One of Brennan’s first political controversies centred on Birmingham City Council’s scrutiny committee chairs. Following the council’s Annual General Meeting, Labour faced criticism from some members and political opponents over proposals that would have seen scrutiny responsibilities shared across opposition parties, including Reform UK. The criticism became sufficiently strong that Brennan’s own Bournville Labour Branch later passed a motion expressing concern about what it described as political accommodation with Reform UK.
Brennan rejects that characterisation entirely.
Her argument is not that Labour should work politically with Reform. Quite the opposite. She insists Labour will continue to challenge Reform wherever it believes Reform is wrong. The issue, she says, was never about supporting Reform policies. It was about ensuring that scrutiny reflected the breadth of opposition voices rather than allowing every scrutiny chair to fall into the hands of a single opposition party.
The eventual arrangement saw the scrutiny chairs go to Conservative councillors with the support of the Liberal Democrats, Greens and Independent councillors. Brennan believes that outcome weakened the principle of broad, independent scrutiny. Others clearly take a different view. Readers will reach their own conclusions.
Away from the politics, another impression lingered.
Nicky Brennan is unmistakably a working-class Brummie. She is approachable, thoughtful and considerate. She has an engaging habit of getting straight to the point rather than circling around it, even when the questions become uncomfortable. Yet it would be a serious mistake to confuse warmth with weakness.
Life has already tested her long before politics ever did. She has known responsibility at an age when many teenagers are still discovering themselves. She has experienced domestic abuse. She has rebuilt her life. She has dedicated much of her career to helping others facing similar circumstances.
Remarkably, none of that appears to have made her cynical. She still speaks about Birmingham with optimism rather than resignation. She still believes politics can improve lives because, in her own case, she believes it once did.

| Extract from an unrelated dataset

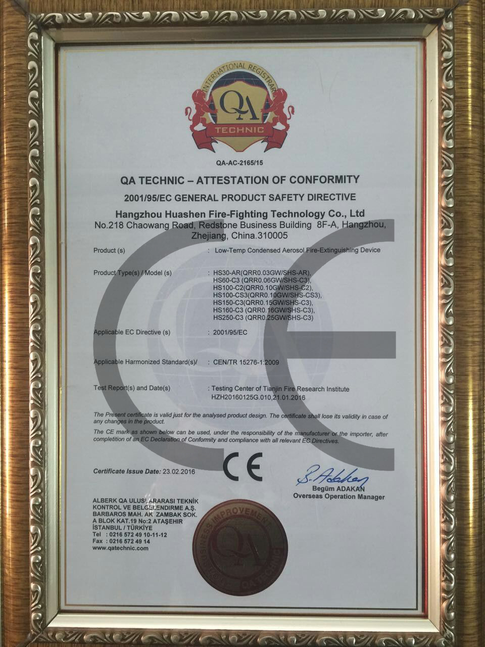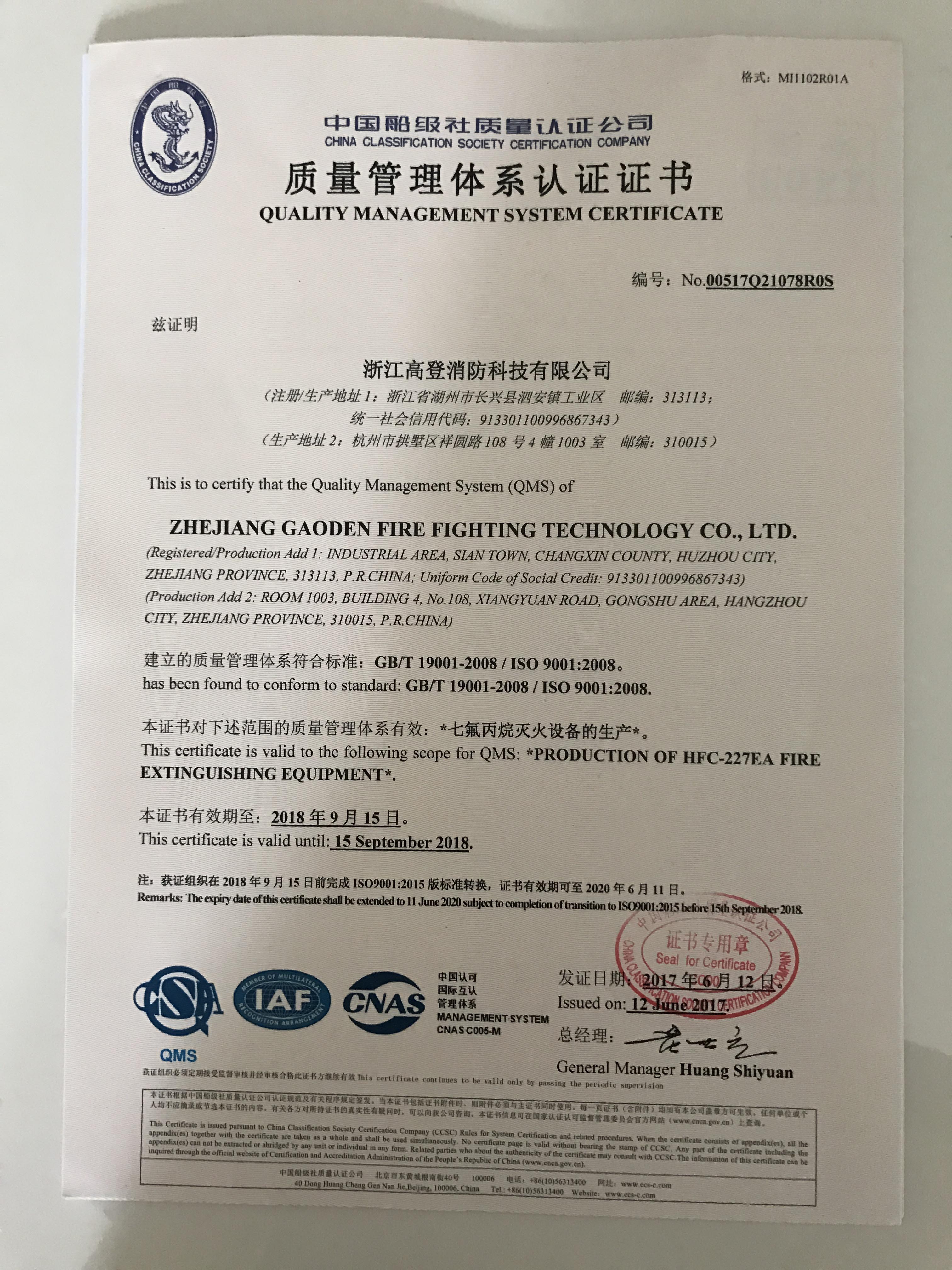 七氟丙烷“3C”證書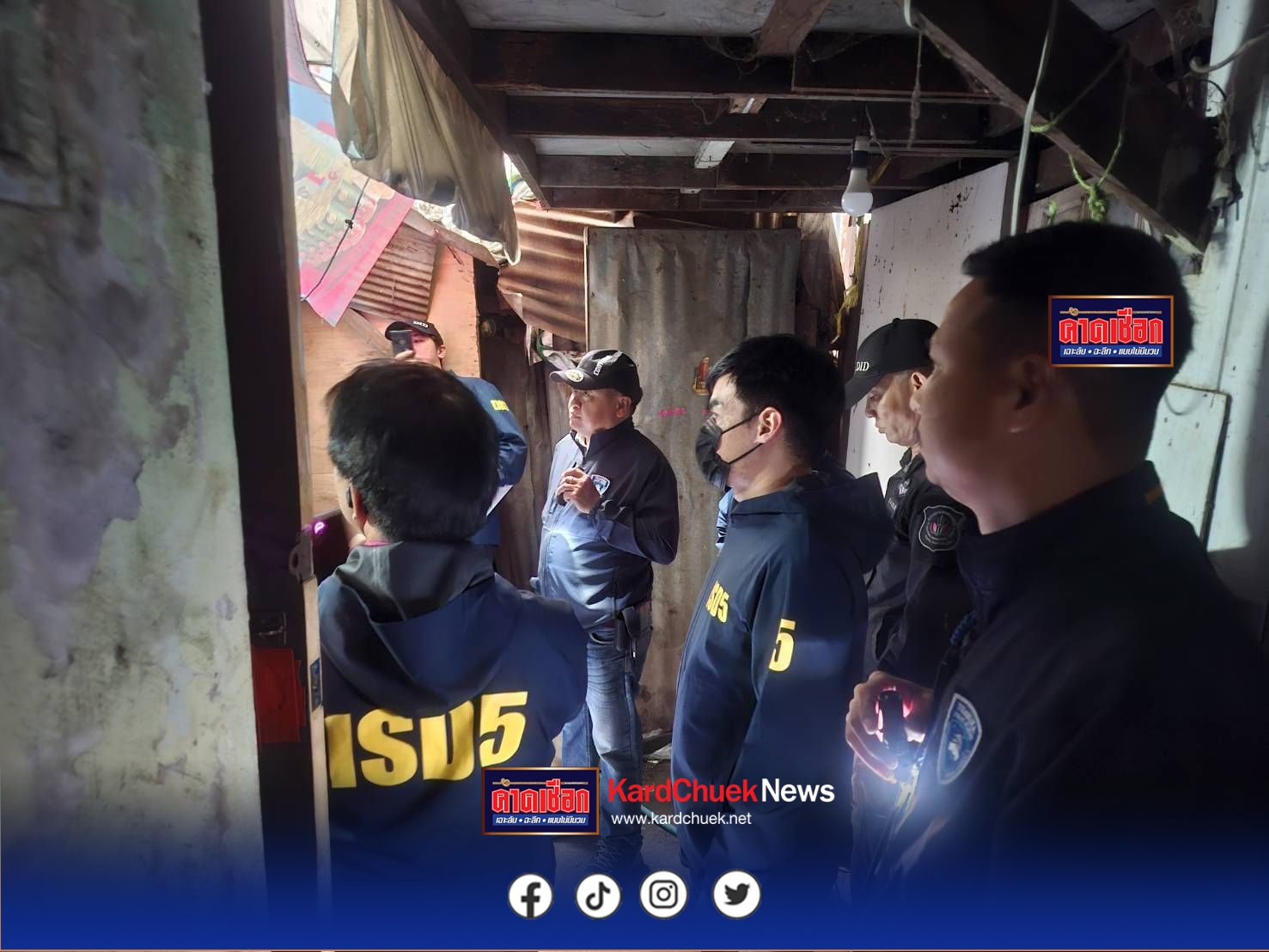 เมื่อวันที่ 28 ตุลาคม 2568 เจ้าหน้าที่ตำรวจชุดสืบสวน กองบังคับการตำรวจนครบาล 5 (สืบนครบาล 5) ร่วมกับกองบัญชาการปราบปรามยาเสพติด (บช.ปส.) และ สน.ท่าเรือ ลงพื้นที่ปิดล้อมตรวจค้นเป้าหมายยาเสพติดในพื้นที่ชุมชนพัฒนาใหม่ แขวงและเขตคลองเตย กรุงเทพมหานคร หลังออกหมายค้นจากศาลอาญาที่ 243/2568 และ 242/2568

My own impression is simple. Do not mistake kindness for softness. Behind the relaxed conversation, the easy smile and the can of Sanpellegrino Limonata sits someone with a remarkably strong core. Those who mistake courtesy for weakness, or imagine they can take unfair advantage of her, may eventually discover there is considerably more steel than first meets the eye.
When I arrived, I thought I was meeting the Leader of Birmingham Labour. As I walked away, I realised I had spent rather more time meeting the girl from Druids Heath.
Whether Nicky Brennan succeeds in rebuilding Birmingham Labour will be decided by voters and by events still to come. That is politics. The journey that brought her here, however, deserves to be understood in its own right. In the end, perhaps every political story begins there, not with the chamber, the vote or the row of the week, but with the life that made the person who walks into the room.